-- RECORD SET follows --
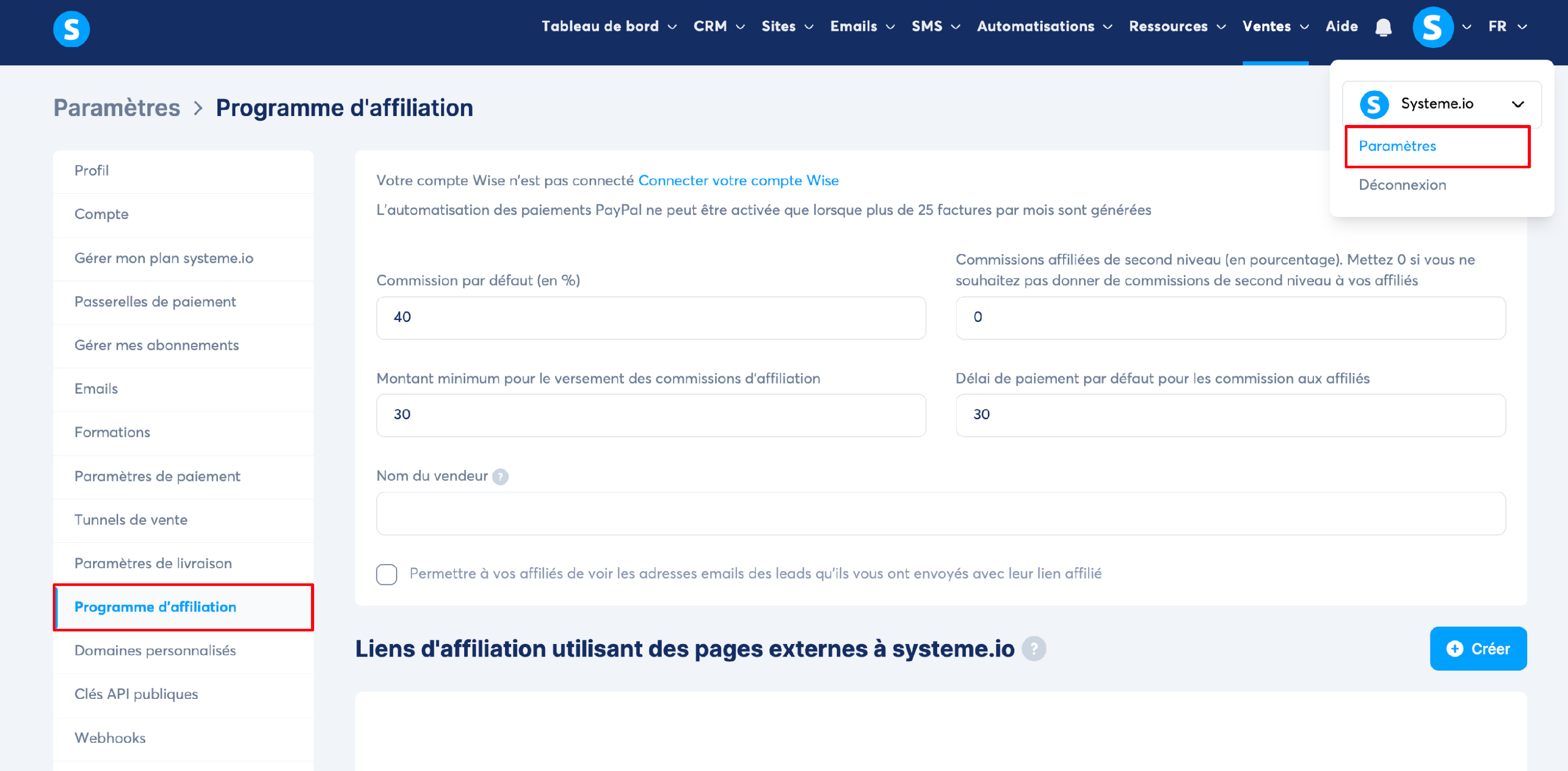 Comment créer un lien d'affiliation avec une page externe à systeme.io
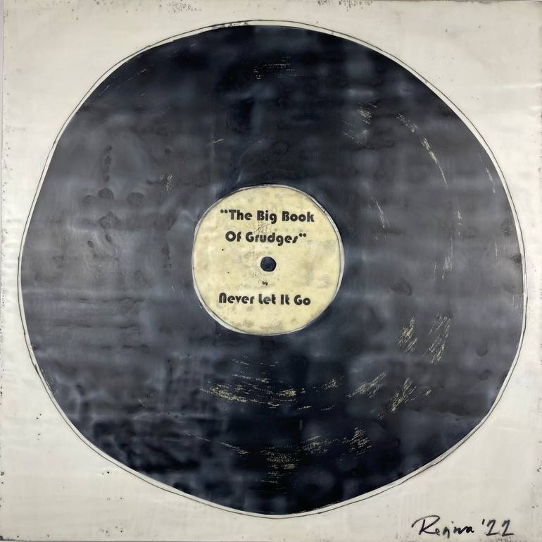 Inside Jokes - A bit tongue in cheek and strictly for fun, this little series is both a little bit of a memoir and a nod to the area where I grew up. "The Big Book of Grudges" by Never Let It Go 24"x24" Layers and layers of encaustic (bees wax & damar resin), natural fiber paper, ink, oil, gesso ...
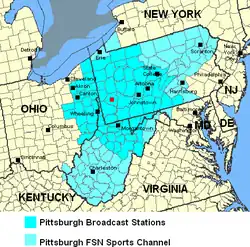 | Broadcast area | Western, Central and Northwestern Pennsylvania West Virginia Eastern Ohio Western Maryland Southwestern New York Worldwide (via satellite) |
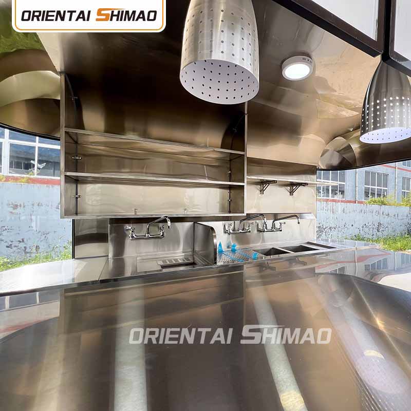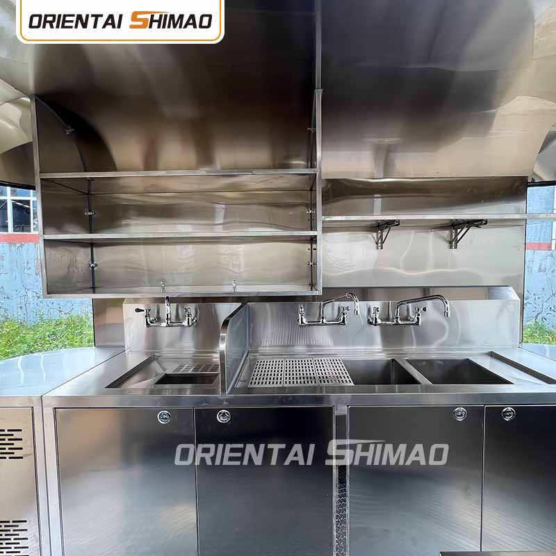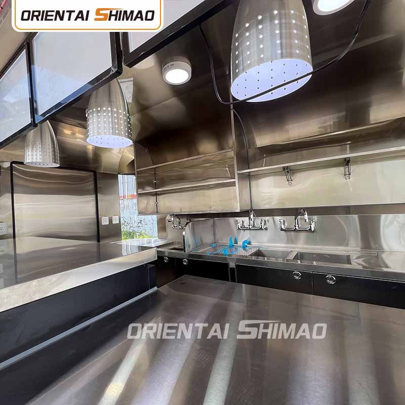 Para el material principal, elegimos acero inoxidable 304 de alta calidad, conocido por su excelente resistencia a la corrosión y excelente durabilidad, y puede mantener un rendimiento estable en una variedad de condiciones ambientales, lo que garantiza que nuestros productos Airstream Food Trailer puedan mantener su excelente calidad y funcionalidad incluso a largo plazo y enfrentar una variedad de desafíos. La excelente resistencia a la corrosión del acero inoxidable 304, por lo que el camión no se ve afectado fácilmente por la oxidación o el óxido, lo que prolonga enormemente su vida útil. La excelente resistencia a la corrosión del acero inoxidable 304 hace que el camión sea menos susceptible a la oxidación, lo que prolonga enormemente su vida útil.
-- RECORD SET concluded --
-- RECORD SET follows --
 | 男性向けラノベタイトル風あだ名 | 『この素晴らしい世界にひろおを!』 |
-- RECORD SET concluded --
-- RECORD SET follows --
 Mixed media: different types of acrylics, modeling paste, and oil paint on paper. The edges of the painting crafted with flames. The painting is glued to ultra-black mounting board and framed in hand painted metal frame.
-- RECORD SET concluded --
== EXERCISE BRIEF ==
Start at the line above containing "Inside Jokes - A" and stop at the line containing "Para el material": print those lines and everything between them exactly, but not the pictures.

== TASK OUTPUT ==
 Inside Jokes - A bit tongue in cheek and strictly for fun, this little series is both a little bit of a memoir and a nod to the area where I grew up. "The Big Book of Grudges" by Never Let It Go 24"x24" Layers and layers of encaustic (bees wax & damar resin), natural fiber paper, ink, oil, gesso ...
 | Broadcast area | Western, Central and Northwestern Pennsylvania West Virginia Eastern Ohio Western Maryland Southwestern New York Worldwide (via satellite) |
 Para el material principal, elegimos acero inoxidable 304 de alta calidad, conocido por su excelente resistencia a la corrosión y excelente durabilidad, y puede mantener un rendimiento estable en una variedad de condiciones ambientales, lo que garantiza que nuestros productos Airstream Food Trailer puedan mantener su excelente calidad y funcionalidad incluso a largo plazo y enfrentar una variedad de desafíos. La excelente resistencia a la corrosión del acero inoxidable 304, por lo que el camión no se ve afectado fácilmente por la oxidación o el óxido, lo que prolonga enormemente su vida útil. La excelente resistencia a la corrosión del acero inoxidable 304 hace que el camión sea menos susceptible a la oxidación, lo que prolonga enormemente su vida útil.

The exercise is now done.